Я задумался, и он мгновенно понял, что это и правда его единственный шанс.
— К сожалению, я вам не верю Андрей Григорьевич, это вы сейчас такой добрый, а как станете свободным только и ищи вас, — наконец решил я, поднимая лом.
— Ваня! — заверещал он, — не губи! Всё отдам, только освободи!
— Хорошо, пусть я вам поверил. Давайте только Андрей Григорьевич проверим, насколько вы честны со мной? — я снова убрал лом к его большому облегчению, — я вам называю цифру, вы говорите следующую, если вы называете её неправильно, я вам ломаю руку или ногу? А? Как вам предложение?
Он застучал зубами.
— Девять, — назвал я первую цифру номерного счёта в Deutsche Bank AG.
— Один, — его глаза тут же стали тухнуть, когда он понял, что мне известен полный номер.
— Давайте проверим пароль? — предложил я, — кто начнёт?
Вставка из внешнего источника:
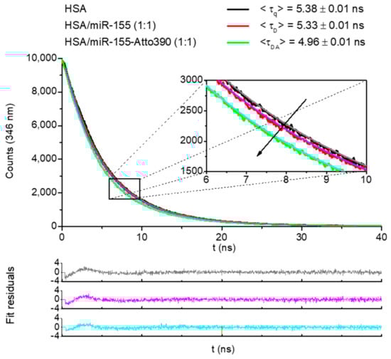 (Top): Time-resolved fluorescence decays of HSA, of the D (Donor) complex HSA/miR-155 (1:1), and of the DA (Donor-Acceptor) complex HSA/miR-155–Atto390 (1:1), acquired using λexc = 295 nm and λem = 346 nm, at 298 K; c = 5 µM in Tris-HCl buffer, pH 7.0. The respective average fluorescence lifetimes (<τ>), extracted by fitting the decays according to Equations (3) and (4), are reported. (Bottom): weighted fit residuals.

Я? Или вы?
— Не нужно Иван, я понял, что ты хочешь, — хрипло ответил он, — дай мне честное своё слово, что ты меня отпустишь и я скажу пароль сам. Видимо КГБ-шник не доверяет тебе, раз не сказал пароль доступа к счёту.
— Не сказал гнида, — стеснительно развёл я руками, признавая, что он раскусил мою хитрость.
— Иван? Я доверюсь твоему слову, — он посмотрел на меня с ожиданием.
— Не знаю, у меня и так эти деньги уже почти в руках, осталось только подождать пару лет, — я задумчиво почесал голову.
— Ты их заберёшь один, сам, а я просто уеду куда-нибудь и буду жить скромной жизнью.
Мне пришлось сделать задумчивый вид и нехотя согласится, поскольку если бы я сразу пообещал, то он бы наверняка заподозрил неладное.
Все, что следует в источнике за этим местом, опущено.